Apple reported that iPhone sales were up 88% in Q4 2008, compared with the same period in 2007. It also saw a record net profit of $1.61bn (£1.15bn) and record revenue of $10.7bn (£7.8bn) for the quarter ending in December.
However, Nokia saw its profits tumble to £542m in Q4 last year – a 69% fall ?on the £1.73bn it made in profits for the final quarter of 2007. Sales also fell 19% to £11.9bn, from £14.8bn in Q4 2007.
The manufacturer issued further gloom with expectations that its global handset volumes will drop by 10% in 2009 compared with 2008.
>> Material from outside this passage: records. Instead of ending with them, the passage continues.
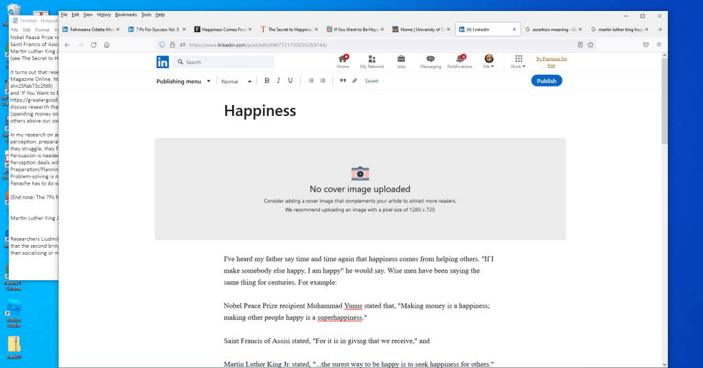 I posted another article in LinkedIn – https://www.linkedin.com/pulse/happiness-fahmeena-odetta-moore
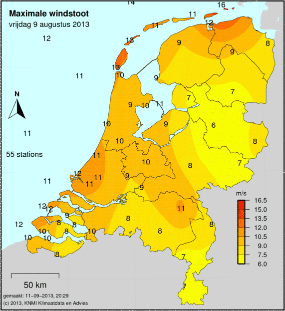 Bij windkaarten staat het maximale uurgemiddelde afgebeeld welke deze dag is gemeten. De windkracht wordt op 49 verschillende stations gemeten. Ook wordt de maximale windstoot weergegeven welke is gemeten.
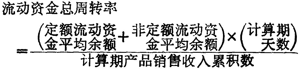 流动资金总周转率流动资金周转率的一种综合形式。指一定时期内企业全部流动资金经常占用额同其所完成的周转额之比。全部流动资金包括定额流动资金和非定额流动资金两部分。流动资金总周转率的高低,主要是以定额流动资金的周转速度为转移,同时也取决于定额流动资金与非定额流动资金的比例关系。流动资金总周转率有周转次数和周转天数两种表现形式,但人们通常以后者加以考核。另外,流动资金周转额的计算基础有两种情形,或是按产品销售成本计价,或是按产品销售收入计价。目前,一般以产品销售收入确定流动资金周转额。如此,流动资金总周转率的一般计算公式为:
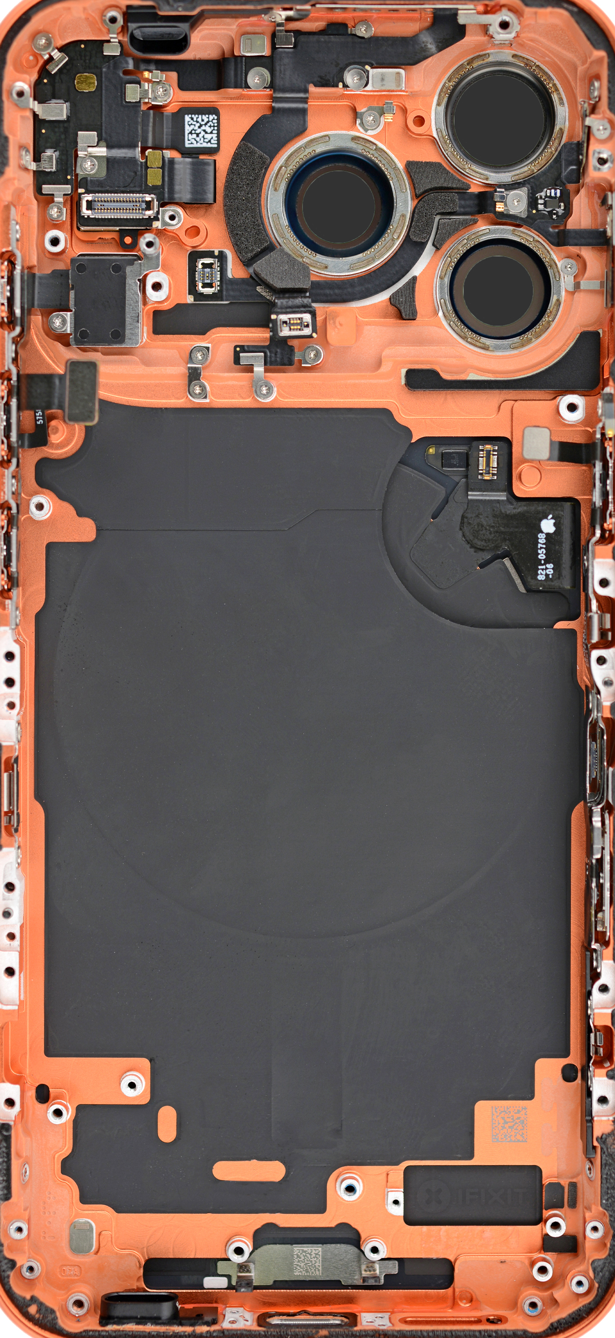 Two years ago, our M3 MacBook Pro teardown covered this in depth. The controlled corrosion eating away at the surface created the matte Space Black finish. We’re seeing the same bumpy finish on the iPhone 17 Pro, this time infused with an orange dye.
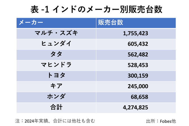 インドは、中国、米国、日本に次ぐ世界4位の自動車販売台数の国だ。24年の販売台数は428万台だが、ほぼ人口が同じ中国の3144万台とは、まだ大きな開きがある。昨年のメーカー別の販売台数1位は、日本のスズキの子会社マルチ・スズキ、2位は韓国ヒュンダイ、3位はインドの財閥タタと続く(表-1)。
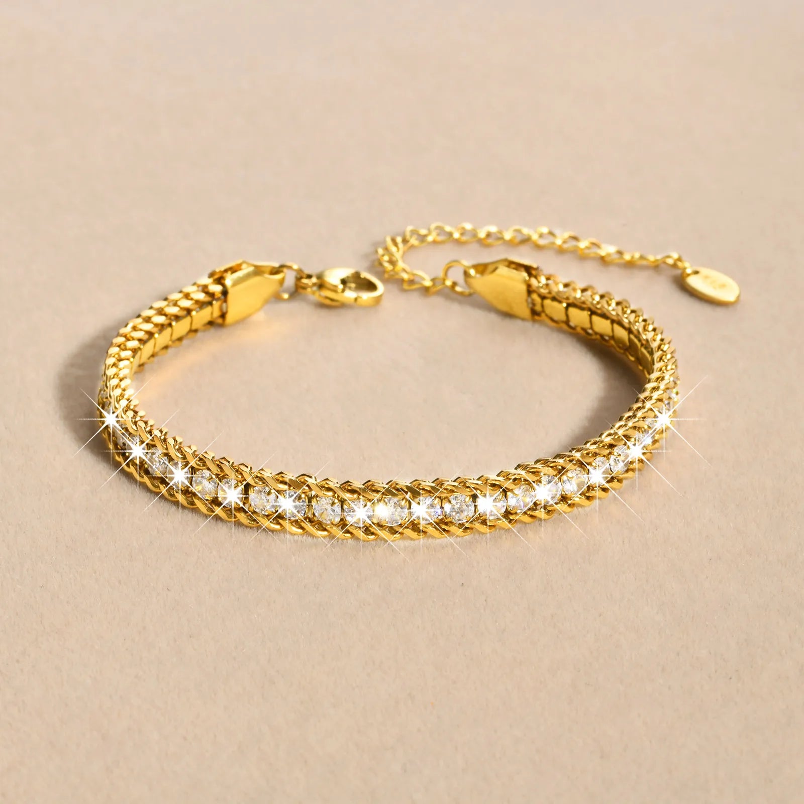 A delicate Diamond chain bracelet featuring a classic tennis design sparkling stones, blending elegance and everyday luxury in one piece.
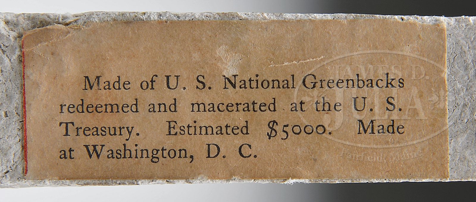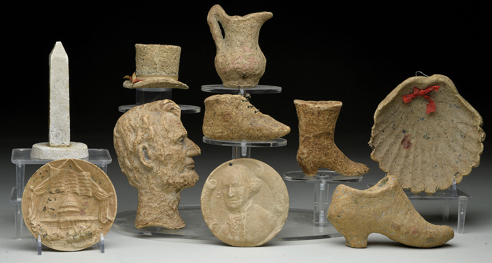 FABULOUS LOT OF FIGURAL MACERATED CURRENCY. Lot includes: 6″ Abraham Lincoln bust; 5″ high Washington Monument (with original label); 4″ diameter souvenir of Washington, DC with original raised description on reverse, the medallion showing the capitol with American flag; 4″ diameter George Washington medallion with original label; 5-1/2″ diameter shell dish with partial original label; 6″ long shoe; 4″ long shoe with partial original label; 3-1/2″ high boot with original label; 3-3/4″ pitcher; 2″ high top hat with original label and red, white, and blue ribbon. SIZE: As noted above. CONDITION: Lincoln with an old repair across neck, shell with roughness to edge, and possibly a reglued Washington Monument. Otherwise very good. 9-28410 (2,000-3,000)

The contrasting fortunes of Apple and Nokia mark a trend for many observers, with a new clutch of manufacturers (Apple, RIM and HTC) giving the ‘old order’ of Nokia, Sony Ericsson and Motorola a fright.
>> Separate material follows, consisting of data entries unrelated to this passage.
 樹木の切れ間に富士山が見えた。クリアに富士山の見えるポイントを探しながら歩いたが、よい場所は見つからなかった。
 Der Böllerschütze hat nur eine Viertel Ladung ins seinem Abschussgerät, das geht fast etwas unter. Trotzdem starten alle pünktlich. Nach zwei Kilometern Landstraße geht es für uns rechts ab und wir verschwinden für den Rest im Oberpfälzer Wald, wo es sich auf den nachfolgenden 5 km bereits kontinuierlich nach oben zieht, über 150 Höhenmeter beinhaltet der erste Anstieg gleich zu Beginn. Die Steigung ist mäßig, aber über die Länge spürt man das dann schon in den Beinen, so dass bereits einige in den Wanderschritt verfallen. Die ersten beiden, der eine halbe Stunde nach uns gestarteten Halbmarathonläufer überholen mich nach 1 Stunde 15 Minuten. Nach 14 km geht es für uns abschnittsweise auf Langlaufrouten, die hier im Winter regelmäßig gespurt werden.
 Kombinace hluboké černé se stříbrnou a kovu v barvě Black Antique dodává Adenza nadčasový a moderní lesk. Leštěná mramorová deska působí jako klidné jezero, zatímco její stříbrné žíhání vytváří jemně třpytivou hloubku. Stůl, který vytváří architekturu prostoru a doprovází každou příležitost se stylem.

Earlier this month, Sony Ericsson reported a fall in handset shipments to 24.2 million in Q4 2008. Meanwhile, Motorola – which will report its results at the start of February – is set to cut 4,000 jobs on top of the 3,000 it announced in 2008, in a desperate attempt to cut costs.
In comparison, LG has overtaken Sony Ericsson and Motorola following an 8% increase in handset shipments to 25.7 million in the fourth quarter of 2008, and is now the world’s third top handset manufacturer. It also sold a record number of units in 2008 – 100.7 million, compared with 80.5 million units one year earlier.
Analysts said LG could gain from the turmoil hitting rivals, such as Nokia and Sony Ericsson, as it starts to produce more mid to low mass-volume devices alongside feature-packed models and smartphones.